━━ RECORDED DATA ━━
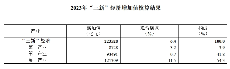 经核算,2023年我国“三新”经济增加值为223528亿元,比上年增长6.4%(按现价计算,下同),比同期国内生产总值(GDP)现价增速高1.8个百分点;相当于GDP的比重为17.73%,比上年提高0.37个百分点。
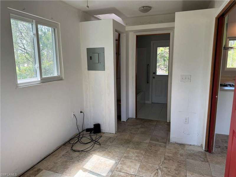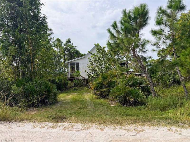 Welcome to Stillpoint, a one-of-a-kind retreat on a quiet half-acre in Bokeelia. Nestled along a sandy, gravel road, this home feels like a treehouse surrounded by lush vegetation, offering both privacy and a strong connection to nature. The one-bedroom layout is complemented by a versatile loft-ideal for an art studio, meditation area, or a home office, and spacious enough to be converted into an additional bedroom. Screened porch on the west side and open on the east side frames stunning sunrises and sunsets, with the west side also featuring a convenient wheelchair ramp. Modern sustainability meets comfort with solar panels, a covered pergola for parking, and an electric car charger. Located in an X500 zone at the highest point on the island, flood insurance is not required. Just minutes away, you'll find marinas, restaurants, and access to the beautiful islands around Pine Island-perfect for boating, dining, and exploring the coast. Peaceful and secluded, Stillpoint is more than a home-it's a place to create, unwind, and live in harmony with the landscape.
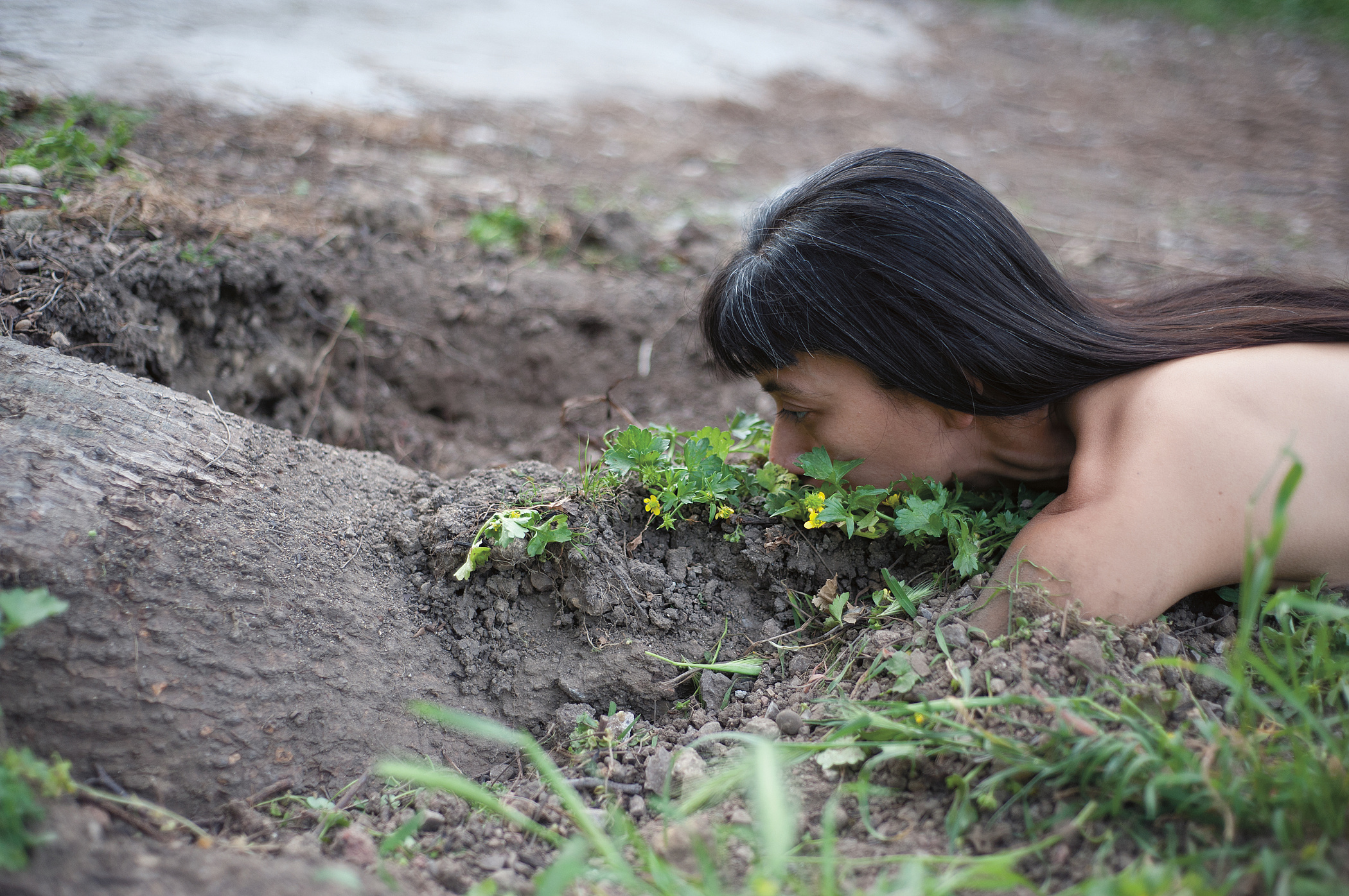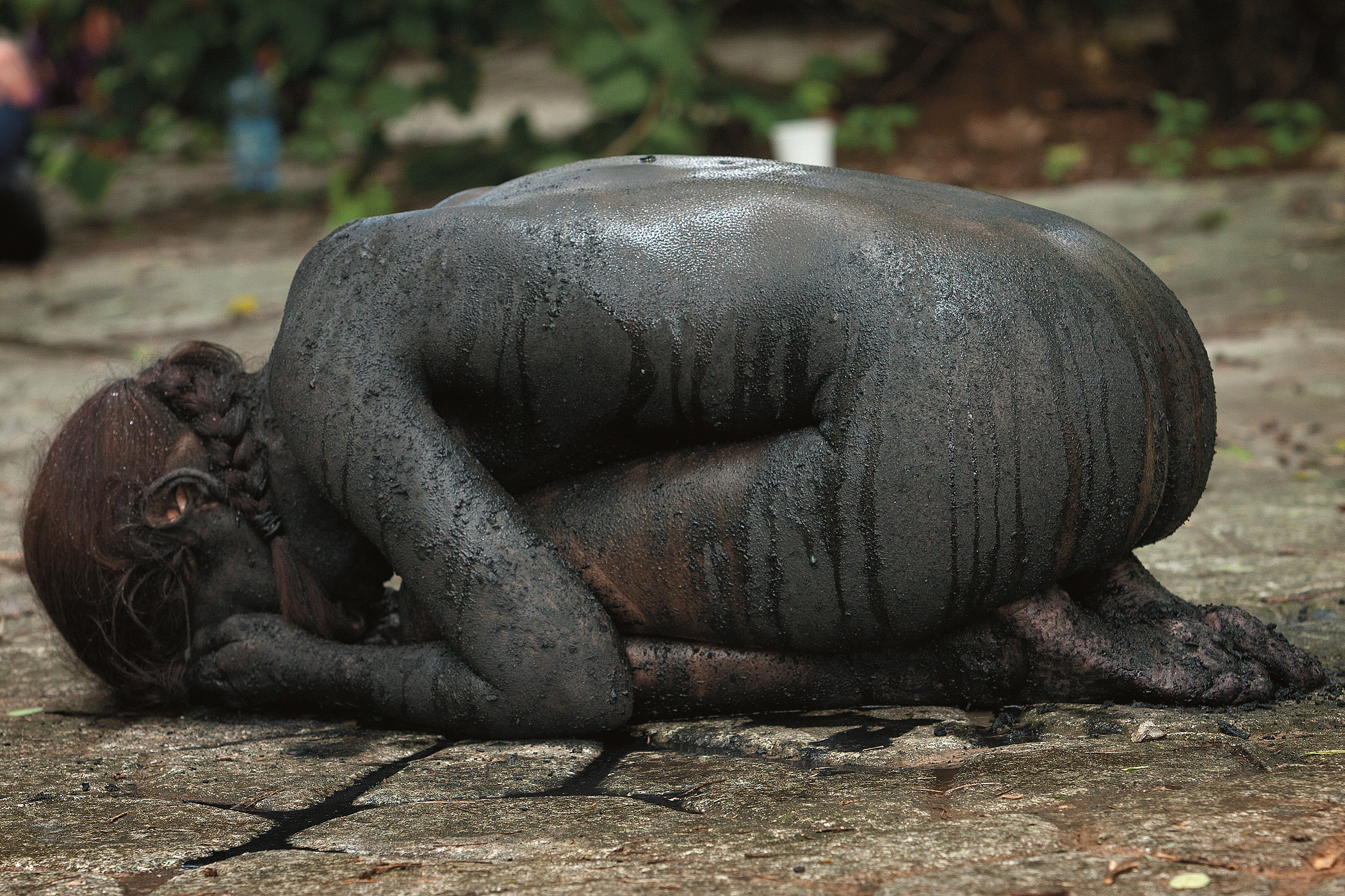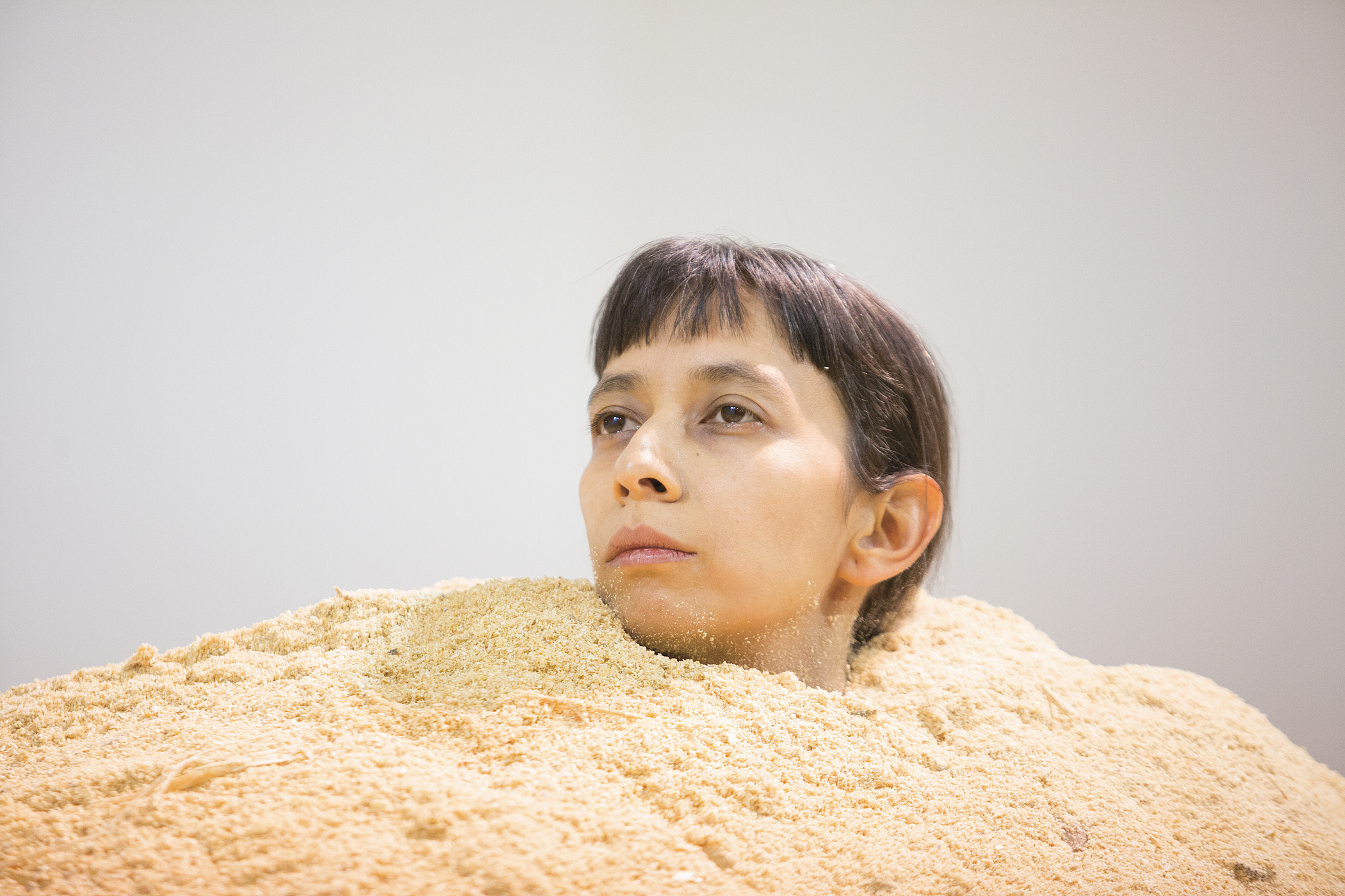 Regina José Galindo, Tierra (2013), performance, Les Moulins de Paillard, Paris
━━━
** TASK REQUIREMENTS **
Your reply must match the data above line for line, except that it holds no pictures.

** ANSWER **
 经核算,2023年我国“三新”经济增加值为223528亿元,比上年增长6.4%(按现价计算,下同),比同期国内生产总值(GDP)现价增速高1.8个百分点;相当于GDP的比重为17.73%,比上年提高0.37个百分点。
 Welcome to Stillpoint, a one-of-a-kind retreat on a quiet half-acre in Bokeelia. Nestled along a sandy, gravel road, this home feels like a treehouse surrounded by lush vegetation, offering both privacy and a strong connection to nature. The one-bedroom layout is complemented by a versatile loft-ideal for an art studio, meditation area, or a home office, and spacious enough to be converted into an additional bedroom. Screened porch on the west side and open on the east side frames stunning sunrises and sunsets, with the west side also featuring a convenient wheelchair ramp. Modern sustainability meets comfort with solar panels, a covered pergola for parking, and an electric car charger. Located in an X500 zone at the highest point on the island, flood insurance is not required. Just minutes away, you'll find marinas, restaurants, and access to the beautiful islands around Pine Island-perfect for boating, dining, and exploring the coast. Peaceful and secluded, Stillpoint is more than a home-it's a place to create, unwind, and live in harmony with the landscape.
 Regina José Galindo, Tierra (2013), performance, Les Moulins de Paillard, Paris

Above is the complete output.